**REQUIRED WORK**
Write out the lines of the material below exactly, beginning at the line with "摘要:本文揭示了银行流水不为" and stopping after the line with "Immagine>Aggiungi bordatura, simmetriche", and leave out the pictures.

**RECORDS FOR PROCESSING**
-=-=-
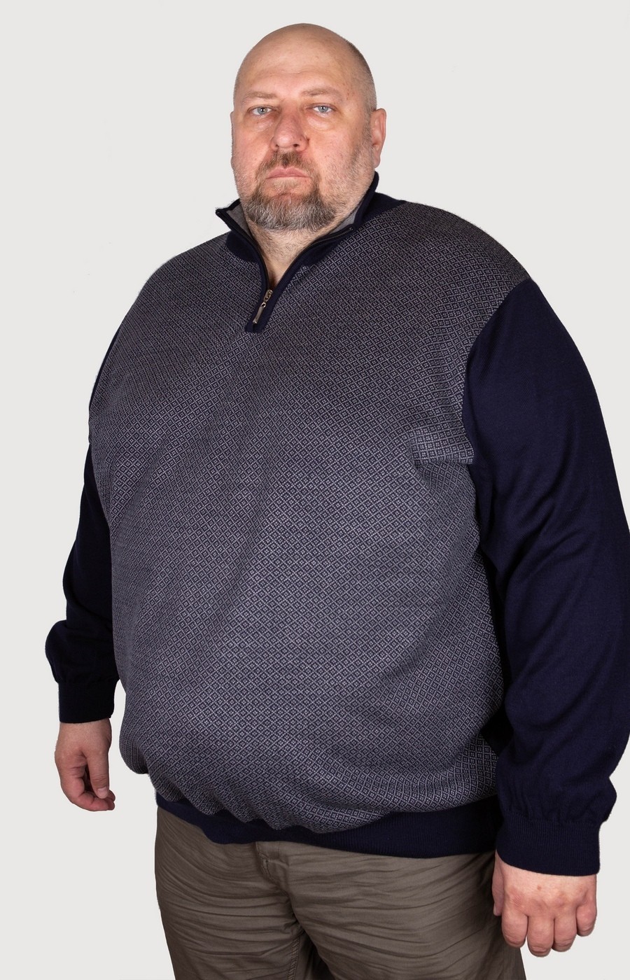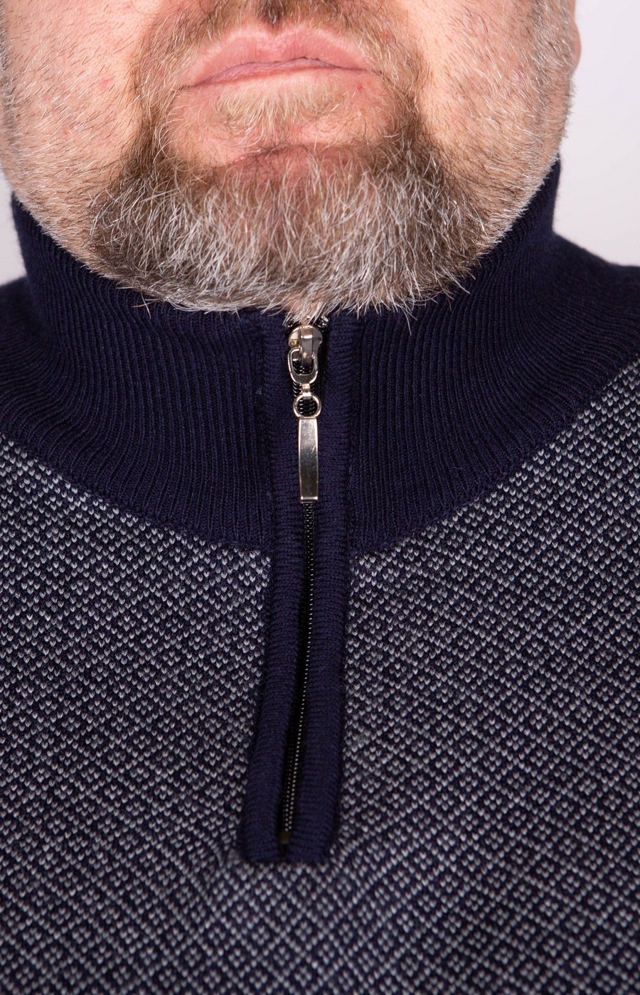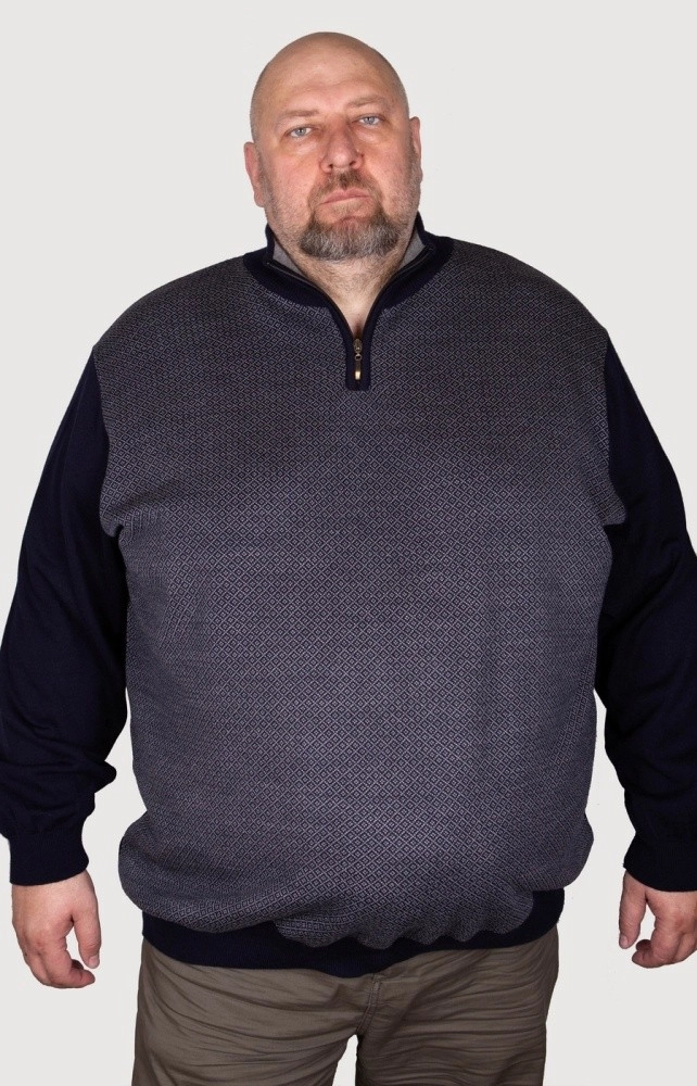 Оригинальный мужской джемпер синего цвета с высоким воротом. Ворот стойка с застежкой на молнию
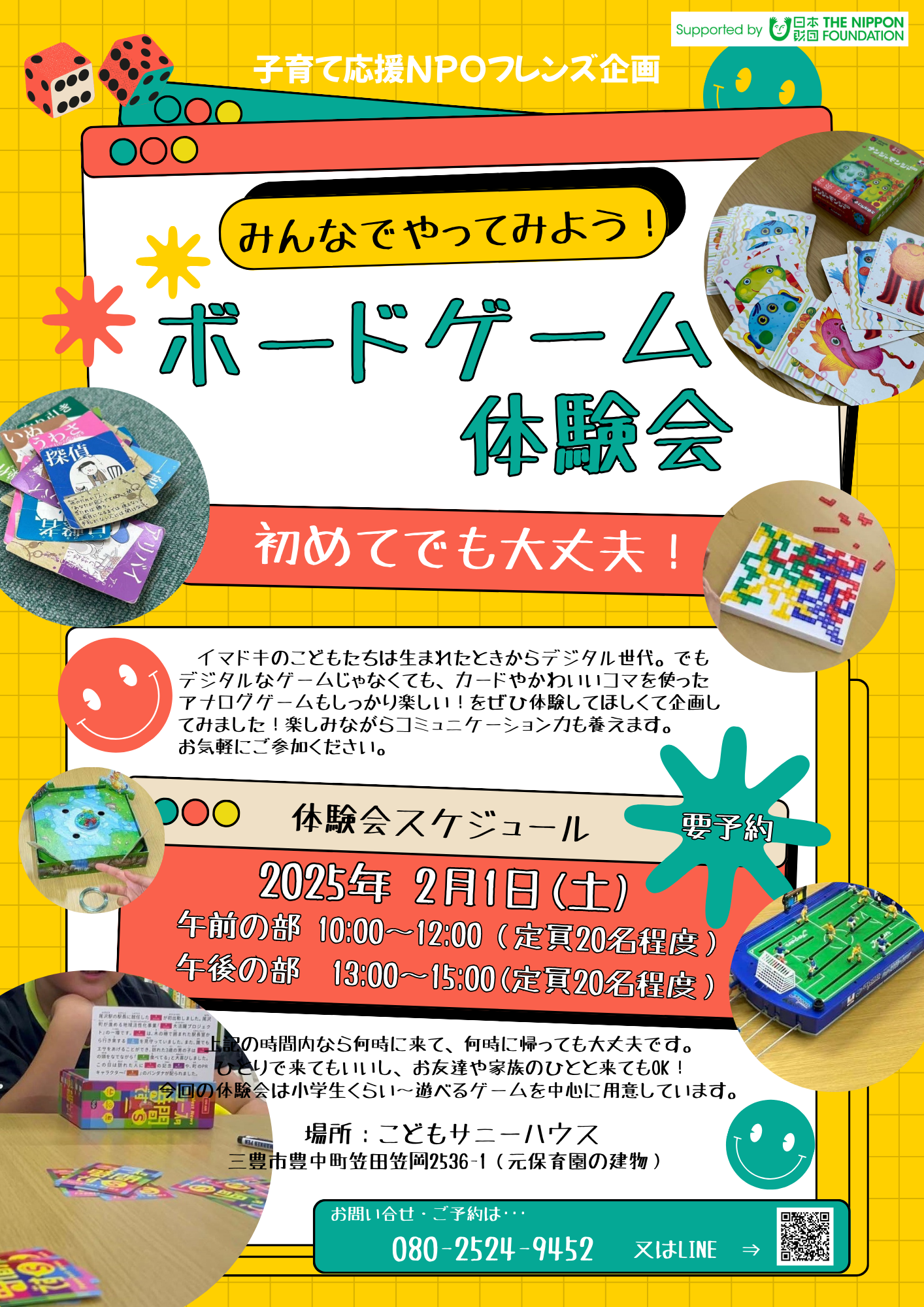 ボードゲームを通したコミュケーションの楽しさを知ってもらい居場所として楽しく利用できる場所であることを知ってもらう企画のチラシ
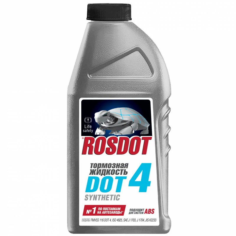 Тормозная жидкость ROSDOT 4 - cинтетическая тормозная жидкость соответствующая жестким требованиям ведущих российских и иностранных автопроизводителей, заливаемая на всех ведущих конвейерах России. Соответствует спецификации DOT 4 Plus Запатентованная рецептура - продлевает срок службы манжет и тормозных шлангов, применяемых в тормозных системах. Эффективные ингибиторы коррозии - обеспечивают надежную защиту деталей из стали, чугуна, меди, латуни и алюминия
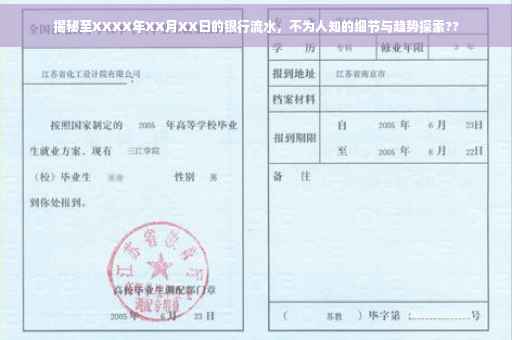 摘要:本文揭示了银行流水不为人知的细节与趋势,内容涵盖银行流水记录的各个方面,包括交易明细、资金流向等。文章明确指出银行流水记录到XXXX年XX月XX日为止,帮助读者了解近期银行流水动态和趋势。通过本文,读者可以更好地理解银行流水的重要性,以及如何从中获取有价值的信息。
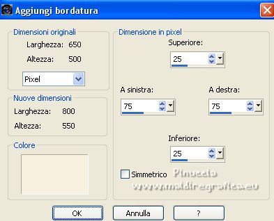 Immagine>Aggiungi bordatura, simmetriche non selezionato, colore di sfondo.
-=-=-
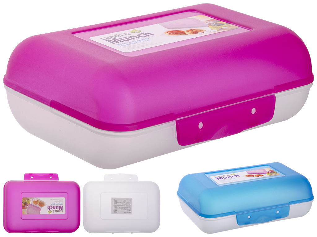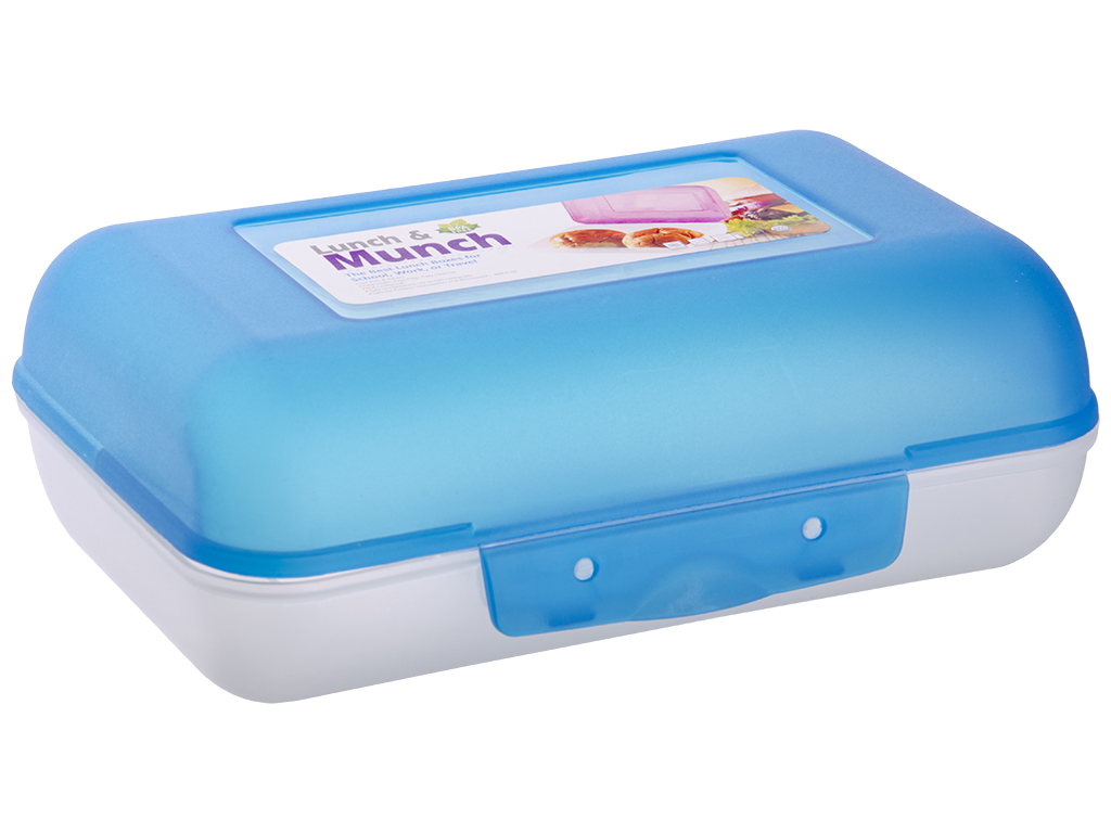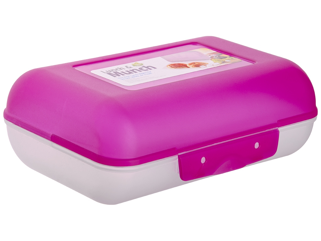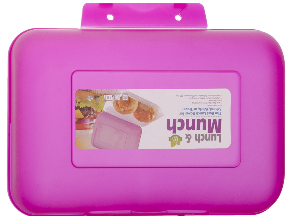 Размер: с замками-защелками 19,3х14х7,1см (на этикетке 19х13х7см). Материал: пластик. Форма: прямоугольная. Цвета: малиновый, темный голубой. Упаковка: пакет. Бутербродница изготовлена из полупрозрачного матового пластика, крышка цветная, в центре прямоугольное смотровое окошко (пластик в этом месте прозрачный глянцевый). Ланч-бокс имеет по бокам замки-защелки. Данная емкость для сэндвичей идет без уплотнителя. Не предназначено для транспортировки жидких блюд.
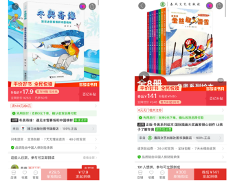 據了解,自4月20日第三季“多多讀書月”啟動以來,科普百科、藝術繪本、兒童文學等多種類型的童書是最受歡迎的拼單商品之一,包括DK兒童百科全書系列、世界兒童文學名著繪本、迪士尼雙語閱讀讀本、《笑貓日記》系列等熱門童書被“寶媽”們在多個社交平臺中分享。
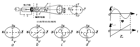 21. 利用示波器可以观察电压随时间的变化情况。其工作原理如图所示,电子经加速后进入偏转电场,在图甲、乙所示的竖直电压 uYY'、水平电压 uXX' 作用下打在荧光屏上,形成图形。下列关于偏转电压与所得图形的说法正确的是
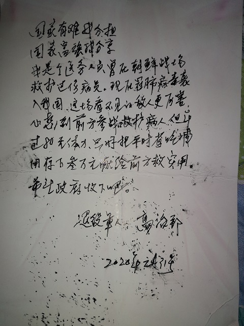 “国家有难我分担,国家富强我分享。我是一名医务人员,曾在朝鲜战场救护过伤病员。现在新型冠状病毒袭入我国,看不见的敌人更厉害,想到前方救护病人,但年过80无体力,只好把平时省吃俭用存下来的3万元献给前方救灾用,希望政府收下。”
-=-=-
**ANSWER SPACE**
 摘要:本文揭示了银行流水不为人知的细节与趋势,内容涵盖银行流水记录的各个方面,包括交易明细、资金流向等。文章明确指出银行流水记录到XXXX年XX月XX日为止,帮助读者了解近期银行流水动态和趋势。通过本文,读者可以更好地理解银行流水的重要性,以及如何从中获取有价值的信息。
 Immagine>Aggiungi bordatura, simmetriche non selezionato, colore di sfondo.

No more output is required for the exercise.